9. Comparação do projeto de elementos para Cr15, Cr20 e Cr26
| elemento de liga | Cr15 | Cr20 | Cr26 |
| Cr | 11–18%, resistência básica ao desgaste e à corrosão | 18–23%, resistência ao desgaste aprimorada, M₇C₃ mais estável | 23–30%, maior resistência ao desgaste/corrosão, fração máxima de M₇C₃ |
| C | 2.4-3.0% | 2.3-3.1% | 2.2–3.0% (Cr/C >7) |
| Mo | 0.5-1.0% | 0.8-1.5% | 1.0–2.0% (compensar a tenacidade e a temperabilidade) |
| Ni | 0.5-1.0% | 0.8-1.5% | 0.8–1.8% (estabilizam a austenita, melhoram a tenacidade) |
| Si/Mn | Baixo controle (≤1.0%) | Baixo controle (≤1.0%) | Controle inferior (Si≤1.0%, Mn≤1.0%) |
| Características da microestrutura | M₇C₃ + martensita/bainita, boa tenacidade | M₇C₃ mais uniforme, desempenho abrangente ideal. | Alta fração volumétrica de M₇C₃, maior resistência ao desgaste, menor tenacidade. |
| Condições de trabalho aplicáveis | Desgaste sob estresse médio-baixo, impacto moderado | Desgaste sob estresse médio-alto, forte impacto | Alta tensão/desgaste abrasivo, corrosão, alta temperatura |
10. Conclusão e Pontos-chave da Apresentação
O desempenho dos ferros fundidos com alto teor de cromo Cr15, Cr20 e Cr26 é determinado conjuntamente pela interação de vários elementos de liga.

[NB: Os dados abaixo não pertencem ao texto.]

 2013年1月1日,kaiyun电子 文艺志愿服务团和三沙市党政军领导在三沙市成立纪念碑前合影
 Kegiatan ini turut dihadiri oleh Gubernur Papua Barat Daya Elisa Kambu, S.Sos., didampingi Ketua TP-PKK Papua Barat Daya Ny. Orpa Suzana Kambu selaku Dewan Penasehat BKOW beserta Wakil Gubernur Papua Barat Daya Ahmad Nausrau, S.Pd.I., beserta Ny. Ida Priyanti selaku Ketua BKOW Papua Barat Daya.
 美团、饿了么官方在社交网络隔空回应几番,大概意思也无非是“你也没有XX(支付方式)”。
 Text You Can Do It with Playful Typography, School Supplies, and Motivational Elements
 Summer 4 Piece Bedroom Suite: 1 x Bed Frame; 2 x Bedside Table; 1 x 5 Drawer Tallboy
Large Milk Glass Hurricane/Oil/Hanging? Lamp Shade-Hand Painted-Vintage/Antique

Carbono e cromo são os elementos principais que determinam a quantidade, o tipo e a resistência ao desgaste dos carbonetos: quanto maior o teor de cromo, melhor a resistência ao desgaste, mas menor a tenacidade e maior a dificuldade de fundição. Molibdênio e níquel formam uma combinação fundamental de reforço e tenacificação: o molibdênio melhora a temperabilidade e o refinamento de grãos, enquanto o níquel estabiliza a austenita e aumenta a tenacidade.

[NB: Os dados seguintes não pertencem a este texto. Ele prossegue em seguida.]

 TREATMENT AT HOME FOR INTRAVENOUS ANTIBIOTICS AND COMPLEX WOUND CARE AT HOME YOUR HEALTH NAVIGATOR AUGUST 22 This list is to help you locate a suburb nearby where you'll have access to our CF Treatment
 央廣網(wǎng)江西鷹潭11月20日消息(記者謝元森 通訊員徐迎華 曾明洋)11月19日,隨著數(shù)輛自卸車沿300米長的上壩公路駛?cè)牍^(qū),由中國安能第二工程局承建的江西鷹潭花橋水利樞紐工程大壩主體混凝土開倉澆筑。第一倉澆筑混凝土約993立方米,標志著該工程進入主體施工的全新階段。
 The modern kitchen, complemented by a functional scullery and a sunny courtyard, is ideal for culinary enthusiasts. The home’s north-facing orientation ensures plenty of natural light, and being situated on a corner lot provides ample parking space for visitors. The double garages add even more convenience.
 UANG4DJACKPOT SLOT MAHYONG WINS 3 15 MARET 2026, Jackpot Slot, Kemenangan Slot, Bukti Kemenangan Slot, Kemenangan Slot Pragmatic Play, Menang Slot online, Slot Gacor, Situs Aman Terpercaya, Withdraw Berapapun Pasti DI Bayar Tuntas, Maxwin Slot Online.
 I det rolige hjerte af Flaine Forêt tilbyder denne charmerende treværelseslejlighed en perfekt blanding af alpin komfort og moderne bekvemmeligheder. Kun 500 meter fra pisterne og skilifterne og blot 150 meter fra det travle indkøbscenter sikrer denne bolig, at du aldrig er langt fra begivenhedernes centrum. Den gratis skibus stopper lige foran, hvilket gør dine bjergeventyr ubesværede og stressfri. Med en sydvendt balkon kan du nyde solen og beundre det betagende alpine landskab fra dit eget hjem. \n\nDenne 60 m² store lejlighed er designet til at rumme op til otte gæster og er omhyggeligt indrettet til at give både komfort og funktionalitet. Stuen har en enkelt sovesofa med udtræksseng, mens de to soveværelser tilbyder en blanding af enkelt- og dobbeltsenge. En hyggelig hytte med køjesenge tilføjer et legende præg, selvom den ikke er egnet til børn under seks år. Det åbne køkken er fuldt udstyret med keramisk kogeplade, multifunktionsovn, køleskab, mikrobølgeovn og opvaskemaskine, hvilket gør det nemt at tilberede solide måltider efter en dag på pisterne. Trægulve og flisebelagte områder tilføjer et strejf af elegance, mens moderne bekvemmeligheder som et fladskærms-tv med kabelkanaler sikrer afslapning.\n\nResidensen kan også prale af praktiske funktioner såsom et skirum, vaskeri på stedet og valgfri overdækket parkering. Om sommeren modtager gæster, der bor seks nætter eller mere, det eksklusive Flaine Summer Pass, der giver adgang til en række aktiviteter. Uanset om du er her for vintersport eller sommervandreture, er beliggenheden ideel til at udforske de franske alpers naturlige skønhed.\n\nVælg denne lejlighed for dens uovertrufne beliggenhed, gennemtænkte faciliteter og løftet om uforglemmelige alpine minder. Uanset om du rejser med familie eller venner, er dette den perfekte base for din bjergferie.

O silício e o manganês devem ser controlados em níveis baixos para garantir a desoxidação e o fortalecimento, evitando a precipitação de grafita e o excesso de austenita retida. O enxofre e o fósforo devem ser rigorosamente controlados para prevenir trincas a quente, fragilidade a frio e fragilização dos contornos de grão. Em termos de seleção de materiais: o Cr15 é econômico e apresenta boa tenacidade, sendo adequado para peças sujeitas a desgaste em geral; o Cr20 oferece o melhor equilíbrio entre resistência ao desgaste e tenacidade, sendo a principal liga para uso geral; o Cr26 oferece extrema resistência ao desgaste, à corrosão e desempenho em altas temperaturas, porém com maior fragilidade, dificuldade de fundição e custo.
Ao projetar adequadamente a composição da liga e otimizar o processo de fundição, o potencial de desempenho do ferro fundido com alto teor de cromo Cr15, Cr20 e Cr26 pode ser totalmente aproveitado, atendendo às exigências de diferentes condições de trabalho industriais.